Tyler Arnold, Colin Winsor and Owen Conforte play at Portland Lobster Company on May 9. Photo by Aimsel Ponti

Live, local outdoor music is back at Portland Lobster Company, which recently kicked off a packed season that lasts into mid-October. The Commercial Street seafood shack hosts local acts daily, twice a day on weekends.

Meanwhile, venues like Portland House of Music, State Theatre, Vinegar Hill Music Theatre and Thompson’s Point all have announced the return of shows in the coming months, and I’m starting to actually believe my heart will heal from this long absence of live music.

On Mother’s Day, after visiting my mom in Massachusetts and giving her the first real hug in a brutally long time, I made my way back to Maine and wound up at Portland Lobster Company for a performance by OC and The Offbeats. I thought I’d just pop in for a few minutes, but ended up staying for an hour and listened to the band play a terrific set of covers by artists like Stevie Wonder and Tom Petty, and a few times I found myself singing along. I even saw a woman dancing in front of a table.
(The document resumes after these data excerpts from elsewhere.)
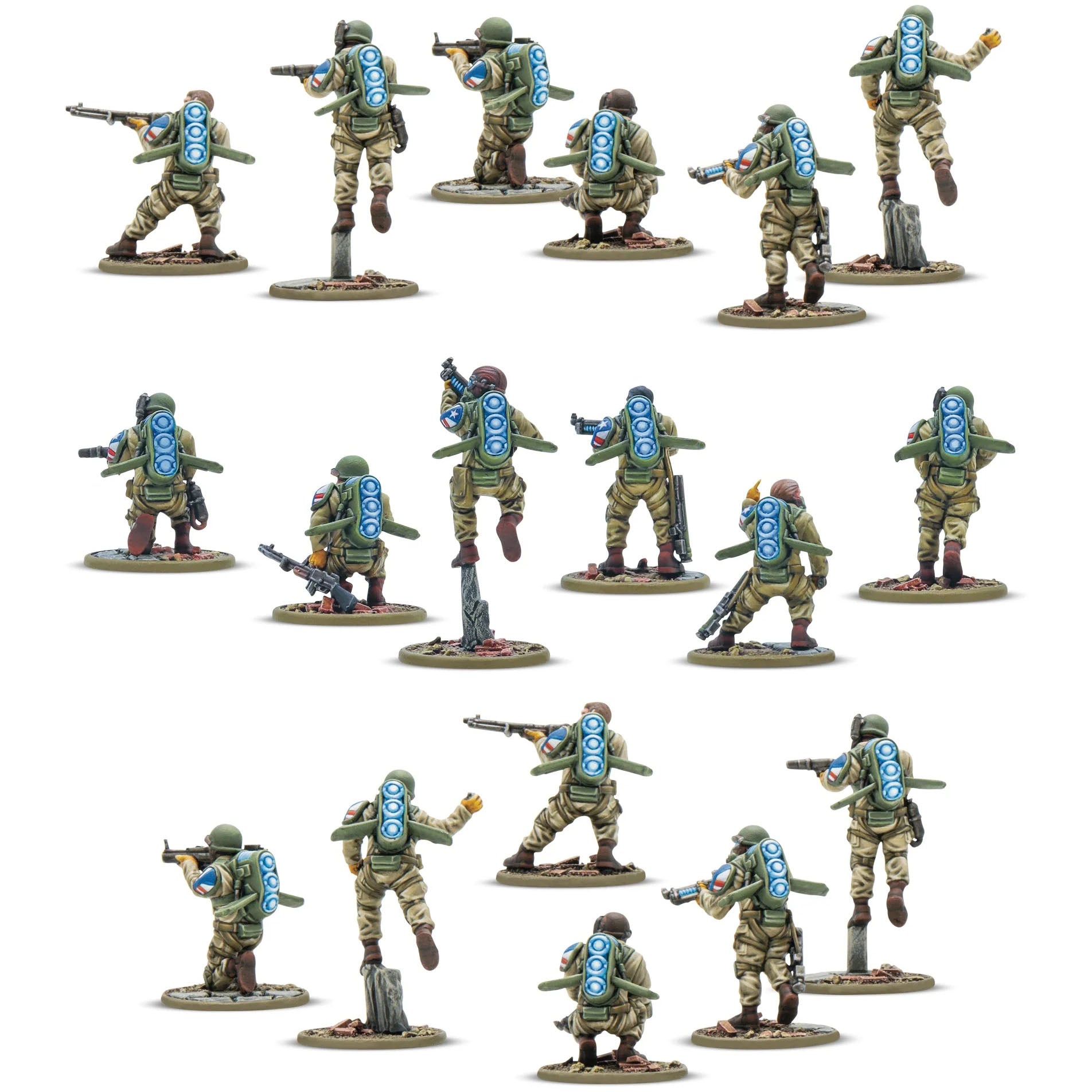 American advancements in repulsorlift Rift-tech have allowed a man to soar through the air in great bounds, or drop from an aircraft and control his descent safely. Using this technology, US Airborne paratroopers have been reborn as the Fireflies! These elite troops are used where surgical precision and lightning speed are called for, dropping behind enemy lines or as the vanguard of American assaults. Only the bravest and fittest men pass Firefly training, and their missions are some of the most hazardous imaginable.
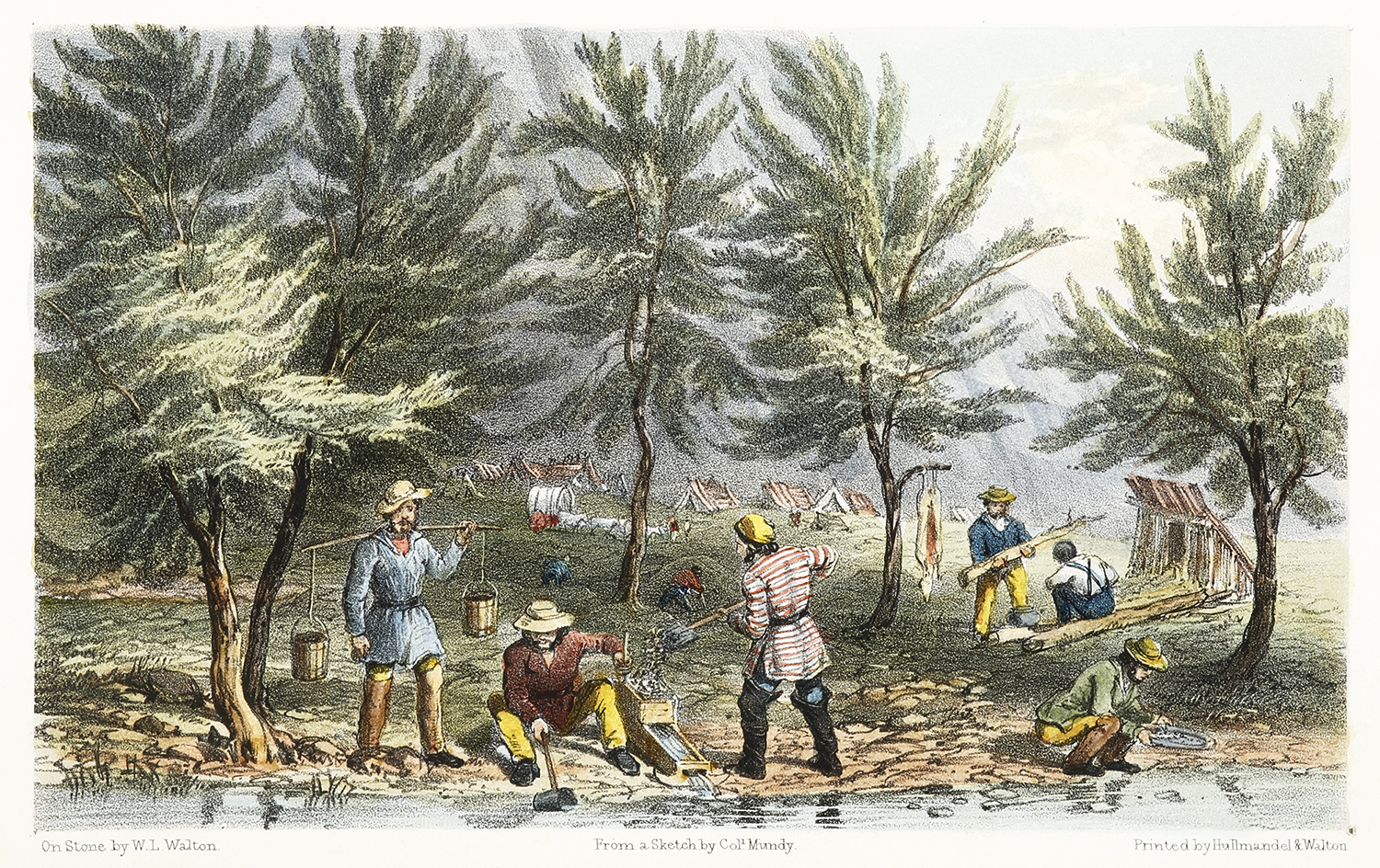 Early lithograph of the Turon River gold fields, New South Wales made two years after the first official gold discoveries near Bathurst, by Edward Hargreaves in 1851.
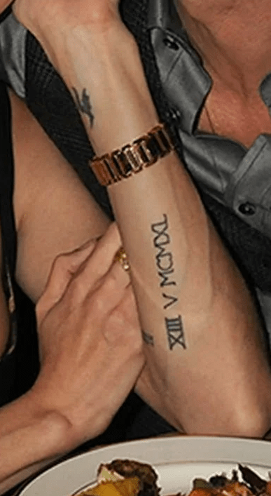 Among the numerous tattoos on this actress's body is the Roman numeral XIII on her left arm—her favorite number.
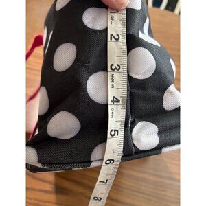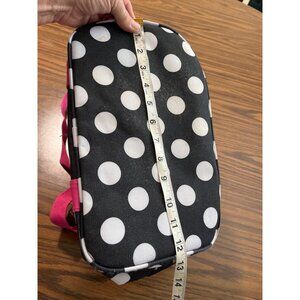 Blue white polka dotted bag with pink handles. Handles snap together. Bag snaps closed. Small snap pocket in front. Good sized bag. Good pre-owned condition.
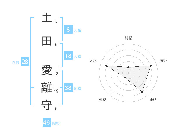 土田 愛離守さんを姓名の画数から五運を鑑定
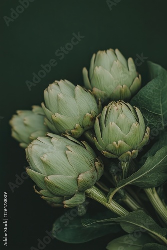 © Larisa, Fototapeta premium Artichokes arranged artistically against deep green backdrop, sh
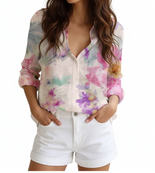 Women's Cotton Turn-down Collar Button Floral Print SHIRT-BL119A
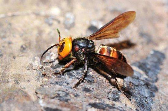 日本大黄蜂是世界上体型最大的黄蜂,它拥有非常巨大的毒刺,毒刺上含有的毒液具有很强的腐蚀性,它们可以在轮胎、箱子、盒子和空车等地方建造独特的巢穴,人们已经知道,这些可怕的蜜蜂如果变得兴奋和咄咄逼人。它非常的凶残和无情,被称为来自地狱的大黄蜂。

It felt, to use a pandemic-ruined word, normal.

Since March of last year, I can count on just a few fingers how many live shows I’ve seen, and I imagine it’s the same for just about everyone. It’s been painful, and the more time that has passed, the more I started to wonder if I’d forget how to be a live music fan. There’s a thing called clapping I seem to vaguely recall.

Emma Stanley and Tyler Arnold of OC and The Offbeats. Photo by Aimsel Ponti

But that Sunday visit to Portland Lobster Company snapped me out of the somber pandemic fog, at least for an hour, and I remembered what it feels like to hear actual live music played by a talented quartet of Mainers. I walked off that deck feeling lighter, but most of all, I left wanting more.

I also felt safe. It was a windy day and Portland Lobster Company’s deck is right on the water. It was crowded but not uncomfortably so. Sometimes I kept my mask on, other times, I felt safe lowering it. I kept in mind the state’s recently updated mask mandates that no longer require wearing them outside but recommended that we do so when physical distancing is difficult to maintain. Six feet was, for the most part manageable, and that, combined with knowing I am fully vaccinated, made me feel OK about it, which is something I don’t take lightly. We’re certainly not out of the pandemic, but we seem to at least be on that path.

Owen Conforte of OC and The Offbeats. Photo by Aimsel Ponti

OC and The Offbeats comprises lead singer and guitarist Owen Conforte, Colin Winsor on bass, drummer Tyler Arnold and horn player Emma Stanley. Although they were playing covers on Sunday, they released an album of originals in 2015 called “Looking Up,” and Conforte released the solo EP “Lovely War” this year. All four of them are longtime and well-respected musicians, and a chart of all the bands and projects they’ve been involved with would look like a gigantic family tree with endless branches.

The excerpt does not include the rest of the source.